■ Requirement ■
Beneath this instruction is a block of data; output from it exactly the lines that run from the one containing "Галя решает найти" through the one containing "对此,从事化妆品代购的陈先生", inclusive.

■ Task material ■

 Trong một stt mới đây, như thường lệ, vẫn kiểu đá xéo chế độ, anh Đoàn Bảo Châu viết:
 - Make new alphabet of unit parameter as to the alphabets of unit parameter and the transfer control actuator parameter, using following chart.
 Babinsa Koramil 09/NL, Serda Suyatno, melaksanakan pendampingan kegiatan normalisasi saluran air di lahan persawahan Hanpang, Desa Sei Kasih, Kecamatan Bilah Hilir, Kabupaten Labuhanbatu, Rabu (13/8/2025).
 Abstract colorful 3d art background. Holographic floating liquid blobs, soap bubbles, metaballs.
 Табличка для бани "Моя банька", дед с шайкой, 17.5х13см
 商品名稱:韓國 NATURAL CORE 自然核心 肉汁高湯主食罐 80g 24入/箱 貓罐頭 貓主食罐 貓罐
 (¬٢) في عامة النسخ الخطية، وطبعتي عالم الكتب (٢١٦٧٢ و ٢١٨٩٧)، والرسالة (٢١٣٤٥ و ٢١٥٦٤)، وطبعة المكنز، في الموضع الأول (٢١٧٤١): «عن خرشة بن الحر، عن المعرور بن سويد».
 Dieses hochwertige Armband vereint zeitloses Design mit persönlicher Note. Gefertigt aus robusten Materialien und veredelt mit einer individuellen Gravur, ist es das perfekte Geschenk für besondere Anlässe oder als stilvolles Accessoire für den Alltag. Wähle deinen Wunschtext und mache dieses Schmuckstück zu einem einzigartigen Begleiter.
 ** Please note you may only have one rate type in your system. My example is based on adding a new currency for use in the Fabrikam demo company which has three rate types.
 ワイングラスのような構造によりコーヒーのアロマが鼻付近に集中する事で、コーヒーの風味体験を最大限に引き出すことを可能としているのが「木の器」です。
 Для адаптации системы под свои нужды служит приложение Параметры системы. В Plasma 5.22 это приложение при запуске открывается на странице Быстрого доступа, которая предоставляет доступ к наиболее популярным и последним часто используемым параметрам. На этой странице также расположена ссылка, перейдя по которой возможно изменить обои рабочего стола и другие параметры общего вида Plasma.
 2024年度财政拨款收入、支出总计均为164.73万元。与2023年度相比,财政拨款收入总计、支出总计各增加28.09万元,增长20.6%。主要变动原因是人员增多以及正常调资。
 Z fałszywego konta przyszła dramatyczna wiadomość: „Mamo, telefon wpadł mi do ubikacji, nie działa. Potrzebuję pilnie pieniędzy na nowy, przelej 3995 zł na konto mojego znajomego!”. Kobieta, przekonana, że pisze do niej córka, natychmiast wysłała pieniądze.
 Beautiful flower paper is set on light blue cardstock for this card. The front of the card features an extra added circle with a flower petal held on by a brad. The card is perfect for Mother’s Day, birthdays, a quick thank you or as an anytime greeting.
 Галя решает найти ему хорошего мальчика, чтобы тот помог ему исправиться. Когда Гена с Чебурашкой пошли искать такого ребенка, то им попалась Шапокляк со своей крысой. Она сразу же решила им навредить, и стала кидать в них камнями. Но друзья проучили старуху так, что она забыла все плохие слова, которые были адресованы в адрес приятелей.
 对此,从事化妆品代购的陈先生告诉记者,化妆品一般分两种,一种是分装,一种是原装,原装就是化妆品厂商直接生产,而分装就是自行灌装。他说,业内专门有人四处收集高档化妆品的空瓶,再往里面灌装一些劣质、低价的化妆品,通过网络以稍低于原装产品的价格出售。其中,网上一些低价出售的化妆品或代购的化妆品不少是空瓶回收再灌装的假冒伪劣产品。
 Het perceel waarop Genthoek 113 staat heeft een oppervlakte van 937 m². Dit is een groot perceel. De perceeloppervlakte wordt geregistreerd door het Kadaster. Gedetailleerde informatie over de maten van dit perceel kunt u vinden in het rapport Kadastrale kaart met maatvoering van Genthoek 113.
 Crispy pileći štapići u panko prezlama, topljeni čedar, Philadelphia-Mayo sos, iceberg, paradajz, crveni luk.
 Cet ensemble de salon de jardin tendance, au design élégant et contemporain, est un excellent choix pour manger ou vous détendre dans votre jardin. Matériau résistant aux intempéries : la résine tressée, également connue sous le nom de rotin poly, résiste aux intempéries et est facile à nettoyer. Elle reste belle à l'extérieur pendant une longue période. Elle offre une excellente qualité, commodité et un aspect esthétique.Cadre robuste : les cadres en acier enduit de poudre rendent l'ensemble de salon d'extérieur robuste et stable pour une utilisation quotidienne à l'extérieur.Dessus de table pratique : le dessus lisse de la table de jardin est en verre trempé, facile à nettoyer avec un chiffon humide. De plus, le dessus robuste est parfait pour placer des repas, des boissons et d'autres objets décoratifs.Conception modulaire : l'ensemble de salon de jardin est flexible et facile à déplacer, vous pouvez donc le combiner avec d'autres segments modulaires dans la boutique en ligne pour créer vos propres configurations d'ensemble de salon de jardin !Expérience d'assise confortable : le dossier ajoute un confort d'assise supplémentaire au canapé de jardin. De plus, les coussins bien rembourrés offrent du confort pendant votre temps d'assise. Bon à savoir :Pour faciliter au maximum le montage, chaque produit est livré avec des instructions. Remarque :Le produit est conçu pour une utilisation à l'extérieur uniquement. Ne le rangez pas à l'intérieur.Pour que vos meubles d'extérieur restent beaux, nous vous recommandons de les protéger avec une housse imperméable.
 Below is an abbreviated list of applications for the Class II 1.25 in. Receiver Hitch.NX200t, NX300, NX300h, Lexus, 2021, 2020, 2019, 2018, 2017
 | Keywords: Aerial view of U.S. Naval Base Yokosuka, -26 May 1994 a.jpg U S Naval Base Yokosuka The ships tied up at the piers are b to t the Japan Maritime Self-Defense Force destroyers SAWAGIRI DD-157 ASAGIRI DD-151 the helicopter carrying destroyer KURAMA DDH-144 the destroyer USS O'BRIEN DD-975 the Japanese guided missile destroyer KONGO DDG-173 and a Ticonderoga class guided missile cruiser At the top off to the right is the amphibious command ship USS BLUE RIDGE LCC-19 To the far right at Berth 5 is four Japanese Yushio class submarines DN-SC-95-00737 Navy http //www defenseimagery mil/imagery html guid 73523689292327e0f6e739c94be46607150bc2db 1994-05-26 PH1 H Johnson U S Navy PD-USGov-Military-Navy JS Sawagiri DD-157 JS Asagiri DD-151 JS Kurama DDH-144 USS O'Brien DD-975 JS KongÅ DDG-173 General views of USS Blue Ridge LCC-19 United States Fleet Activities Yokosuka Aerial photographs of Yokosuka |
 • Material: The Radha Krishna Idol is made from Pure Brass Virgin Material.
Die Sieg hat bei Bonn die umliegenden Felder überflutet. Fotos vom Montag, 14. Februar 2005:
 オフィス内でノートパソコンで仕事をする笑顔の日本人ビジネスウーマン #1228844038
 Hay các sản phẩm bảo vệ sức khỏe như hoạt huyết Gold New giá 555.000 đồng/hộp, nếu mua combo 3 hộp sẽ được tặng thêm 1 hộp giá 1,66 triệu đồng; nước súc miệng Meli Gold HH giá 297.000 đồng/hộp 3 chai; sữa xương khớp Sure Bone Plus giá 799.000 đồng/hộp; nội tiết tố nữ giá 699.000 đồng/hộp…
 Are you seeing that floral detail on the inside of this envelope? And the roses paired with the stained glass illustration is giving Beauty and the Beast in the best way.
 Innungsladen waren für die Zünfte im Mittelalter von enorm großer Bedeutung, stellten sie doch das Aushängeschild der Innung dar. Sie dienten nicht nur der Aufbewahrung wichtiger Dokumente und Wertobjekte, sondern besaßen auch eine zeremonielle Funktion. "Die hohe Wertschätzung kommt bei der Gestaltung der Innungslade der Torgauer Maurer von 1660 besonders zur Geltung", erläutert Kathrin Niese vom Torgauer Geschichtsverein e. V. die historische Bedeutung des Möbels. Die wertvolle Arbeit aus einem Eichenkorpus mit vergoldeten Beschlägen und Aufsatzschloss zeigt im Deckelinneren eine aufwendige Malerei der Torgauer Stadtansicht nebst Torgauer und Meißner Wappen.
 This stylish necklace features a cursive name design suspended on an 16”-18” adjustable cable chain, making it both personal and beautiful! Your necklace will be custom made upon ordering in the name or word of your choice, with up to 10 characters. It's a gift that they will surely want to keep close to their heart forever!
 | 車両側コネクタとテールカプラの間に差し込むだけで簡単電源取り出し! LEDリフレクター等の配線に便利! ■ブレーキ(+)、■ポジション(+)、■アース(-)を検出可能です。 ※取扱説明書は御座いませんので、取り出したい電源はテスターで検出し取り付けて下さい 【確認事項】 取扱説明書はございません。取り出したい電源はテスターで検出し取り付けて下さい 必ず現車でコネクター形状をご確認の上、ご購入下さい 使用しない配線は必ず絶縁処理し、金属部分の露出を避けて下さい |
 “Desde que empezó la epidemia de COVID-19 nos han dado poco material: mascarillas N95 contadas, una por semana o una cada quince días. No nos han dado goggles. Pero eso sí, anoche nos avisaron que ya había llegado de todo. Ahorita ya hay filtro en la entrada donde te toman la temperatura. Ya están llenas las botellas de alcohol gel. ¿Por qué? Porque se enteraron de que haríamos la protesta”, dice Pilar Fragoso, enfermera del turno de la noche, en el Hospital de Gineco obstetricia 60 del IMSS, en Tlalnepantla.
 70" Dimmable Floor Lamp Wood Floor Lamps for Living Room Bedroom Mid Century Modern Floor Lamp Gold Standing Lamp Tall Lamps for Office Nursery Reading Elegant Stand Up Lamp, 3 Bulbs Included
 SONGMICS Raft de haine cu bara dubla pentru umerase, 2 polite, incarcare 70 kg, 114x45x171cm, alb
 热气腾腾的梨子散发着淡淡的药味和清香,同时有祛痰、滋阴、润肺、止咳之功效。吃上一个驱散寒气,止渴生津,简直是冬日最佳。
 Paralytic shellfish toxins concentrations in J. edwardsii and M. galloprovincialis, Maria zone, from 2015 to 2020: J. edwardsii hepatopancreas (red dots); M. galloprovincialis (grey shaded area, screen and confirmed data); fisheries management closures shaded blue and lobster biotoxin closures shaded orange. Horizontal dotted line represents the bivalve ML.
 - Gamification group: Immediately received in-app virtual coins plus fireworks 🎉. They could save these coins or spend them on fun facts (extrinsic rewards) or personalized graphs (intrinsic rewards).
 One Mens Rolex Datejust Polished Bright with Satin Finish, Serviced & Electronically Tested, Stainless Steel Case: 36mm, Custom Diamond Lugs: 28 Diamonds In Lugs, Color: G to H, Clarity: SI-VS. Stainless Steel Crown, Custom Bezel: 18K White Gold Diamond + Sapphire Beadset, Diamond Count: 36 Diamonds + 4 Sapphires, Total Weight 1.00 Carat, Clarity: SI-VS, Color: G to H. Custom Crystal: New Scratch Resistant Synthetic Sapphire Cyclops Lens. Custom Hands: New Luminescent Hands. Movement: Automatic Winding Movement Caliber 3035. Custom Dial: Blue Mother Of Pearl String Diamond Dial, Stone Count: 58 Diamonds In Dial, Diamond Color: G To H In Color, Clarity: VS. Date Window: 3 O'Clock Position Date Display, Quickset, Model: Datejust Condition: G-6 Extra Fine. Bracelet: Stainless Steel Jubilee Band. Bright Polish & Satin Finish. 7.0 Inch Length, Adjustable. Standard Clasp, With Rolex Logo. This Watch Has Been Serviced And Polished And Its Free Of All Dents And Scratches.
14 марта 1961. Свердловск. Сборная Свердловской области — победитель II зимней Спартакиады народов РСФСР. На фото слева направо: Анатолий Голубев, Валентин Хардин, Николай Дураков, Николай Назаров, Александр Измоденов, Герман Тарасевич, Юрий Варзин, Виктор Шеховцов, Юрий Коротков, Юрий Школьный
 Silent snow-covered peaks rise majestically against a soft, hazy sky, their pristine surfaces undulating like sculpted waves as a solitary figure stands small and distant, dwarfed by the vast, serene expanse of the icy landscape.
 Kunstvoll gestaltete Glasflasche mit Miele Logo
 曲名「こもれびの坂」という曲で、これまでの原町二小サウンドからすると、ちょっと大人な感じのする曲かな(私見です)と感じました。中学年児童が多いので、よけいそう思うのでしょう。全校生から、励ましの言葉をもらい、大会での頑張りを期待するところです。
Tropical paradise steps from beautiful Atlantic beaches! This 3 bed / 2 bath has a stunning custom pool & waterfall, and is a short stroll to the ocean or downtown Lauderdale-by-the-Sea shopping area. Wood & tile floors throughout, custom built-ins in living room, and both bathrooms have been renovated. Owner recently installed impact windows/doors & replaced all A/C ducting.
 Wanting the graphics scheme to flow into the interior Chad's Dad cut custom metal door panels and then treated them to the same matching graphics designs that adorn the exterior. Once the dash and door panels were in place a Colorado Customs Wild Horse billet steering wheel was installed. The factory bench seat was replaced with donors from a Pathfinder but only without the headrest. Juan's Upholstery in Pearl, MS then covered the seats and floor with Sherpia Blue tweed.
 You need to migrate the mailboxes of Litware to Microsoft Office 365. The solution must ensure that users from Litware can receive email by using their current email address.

■ Reply to the exercise ■
 Галя решает найти ему хорошего мальчика, чтобы тот помог ему исправиться. Когда Гена с Чебурашкой пошли искать такого ребенка, то им попалась Шапокляк со своей крысой. Она сразу же решила им навредить, и стала кидать в них камнями. Но друзья проучили старуху так, что она забыла все плохие слова, которые были адресованы в адрес приятелей.
 对此,从事化妆品代购的陈先生告诉记者,化妆品一般分两种,一种是分装,一种是原装,原装就是化妆品厂商直接生产,而分装就是自行灌装。他说,业内专门有人四处收集高档化妆品的空瓶,再往里面灌装一些劣质、低价的化妆品,通过网络以稍低于原装产品的价格出售。其中,网上一些低价出售的化妆品或代购的化妆品不少是空瓶回收再灌装的假冒伪劣产品。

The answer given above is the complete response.